- University: University of Montana
- Conference: BSC
- Description: Grizzly bear
- Origin of name: short for Montana
- First seen: 1993
- Related mascot(s): Monte's little buddy 'Mo', Monte's big buddy 'Rocky'

= Monte (mascot) =

University of Montana's athletics mascot

Monte, short for Montana, is the University of Montana's athletics mascot. He is modeled after a grizzly bear, in reference to the nickname of the university's athletic teams, the Grizzlies.

== History ==
Starting in 1897, the University of Montana used live bear cubs to promote their athletic teams, who were then simply known as the Bears. The university went through several bear cubs, often being forced to replace the bear at the end of every football season as it grew too large to be easily shuttled from game to game. The mascots had several different names through the years, including three bears named Fessy, in honor of famed University of Montana football coach Doug Fessden, and a bear named Jerry, in honor of coach Jerry Williams. However, live bear cubs were visibly uncomfortable during games, especially as the crowd grew loud. They would often be held in chains. Outside the sports arenas, the bears were occasionally subject to kidnappings, publicity hoaxes, and animal rights protests. One ran away successfully. Following a particularly poor football season in 1956, a rumor started that the school was euthanizing the bears.

Press and student outbursts at the complications of live bear mascots led the university to try a more conventional approach, and in the 1970s, the Grizzlies were backed by a variety of traditional company-sponsored costumed mascots. These included the Hamm's Beer Bear, Domino's Pizza's Noid, and at one point, Ronald McDonald. The local business Grizzly Auto Centers sponsored Otto the Grizzly, who was the primary mascot for the athletics teams for most of the 1980s, beginning in 1983 with student Jan Nesset. Like Otto, previous bear mascots were designed to be fierce and aggressive, even wolf-like; it wasn't until the athletics department conferred with mascot experts that it was decided to design a more engaging, friendly and energetic mascot. It was then in 1991 that Monte was developed. Monte debuted at the start of the 1993 season. In his first game as mascot, the Grizzlies came back to win after a 31-point deficit against South Dakota.

==Costume and Performance==
The person behind the mask is typically chosen by the university athletics' Assistant Marketing Director, in an auditioning process informally known as Monte Idol. An unwritten rule keeps the current Monte's real identity secret until he or she is no longer enrolled in the university, at which point another Monte is chosen.

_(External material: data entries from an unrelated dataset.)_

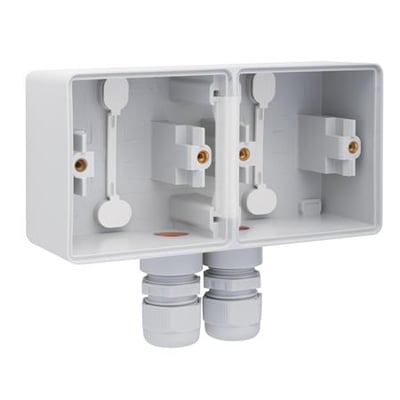 Hydro stænktæt underlag med 2 moduler og to M20-indgange, inklusiv kabelforskruninger. Opnår kapslingsklasse IP55 og er slagfast samt gennemfarvet.
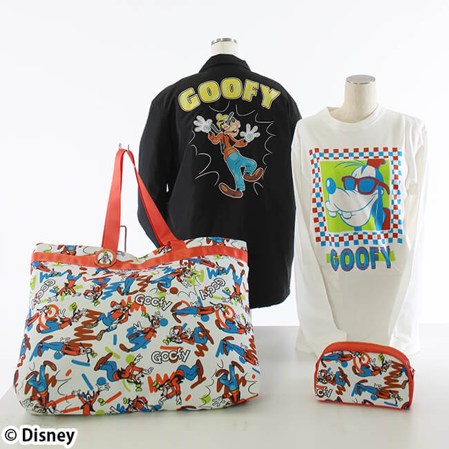 サングラスをかけたカラフルな「グーフィー」デザインのロングスリーブTシャツや、大胆なアレンジが施されたコーチジャケットなどがセットになっています。
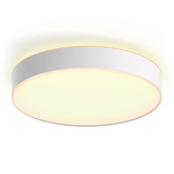 The Hue Enrave L Ceiling Light White Ambiance by Philips Hue is the ideal solution for illuminating larger spaces like your living room. This elegant ceiling light combines functionality and style with its modern design in white metal and plastic. With a height of 8.4 cm and a diameter of 42.5 cm, it fits perfectly in any home. The lamp creates a subtle ring of light that casts a soft glow up towards the ceiling, while the bright downward light fills the room with a cosy atmosphere. You can easily adjust the light from warm to cool white to suit any mood or activity. Philips Hue's advanced technology allows you to customise the lighting according to your needs, making this ceiling light a versatile choice for any room. Make your home more inviting with this stylish and functional lamp that combines the best of modern design and advanced lighting technology..

There are usually two students with the role of Monte during any given year, to ensure Monte will always be available. Though the job is unpaid, the occupant does receive a tuition waiver. Most notable of the costume-wearers was Barry Anderson, who wore the Monte suit for five years in the 2000s and went on to work for the Chicago Bulls' mascot team.

In the beginning of Monte's life, the costume was heavier and poorly ventilated. The head was secured by only a small strap and was too tight on the performer's head. Scott Stiegler, the first university student to don the costume full-time, developed a bicycle helmet with foam around it to affix the head of the costume more efficiently. Peripheral vision was still compromised, and Monte could occasionally be seen tripping over bleachers and small children during the first few games. While visibility has been improved, Monte still must feel his way around with his hands to avoid tripping.

Monte has a variety of different ways of entertaining crowds at sports games. A marked departure from previous mascots, Monte is considerably acrobatic, doing flips and cartwheels to celebrate favorable gameplay. He frequently interacts with children, something previous mascots were unable to do because of their bulky costume or frightening appearance. The philosophy is that Monte must remain unpredictable, always surprising fans. Monte has been known to enter games on motorcycles, four-wheelers and horseback, always surrounded by cheerleaders. His effect on crowd energy and team performance has been enormously positive. In the 13 years after Monte started entertaining audiences at games, the Grizzly football team had won more games than they had in the 25 years prior.

Monte averages around 200 public appearances per year, with only around 50 of those being in sports arenas. As such, he is more than the athletics mascot and has been regarded as a mascot for the university as a whole. The university has used Monte to spread school spirit at birthday parties, weddings, corporate functions, and even funerals. Local businesses have featured Monte in their advertisements, and his likeness is used to help incoming freshmen with "Ask Monte," an online Q&A service on the university's website. In 2008, he starred in the children's book "The Great Monte Mystery," written by university alum Jennifer Newbold.

==National exposure==
Monte has been nominated as Capital One's Mascot of the Year five times, winning twice --- in 2002, and again in 2004. The contest features 15 or more nominees pitted against each other, one at a time, with users and judges voting on their favorite of each match-up. The winner is the last standing. Nominees win $5,000 for their school; winners receive an additional $5,000 and are featured in a broadcast of an NFL game. Monte is the only mascot to have won twice.

Since then, he was featured in a Super Bowl commercial with Joe Montana.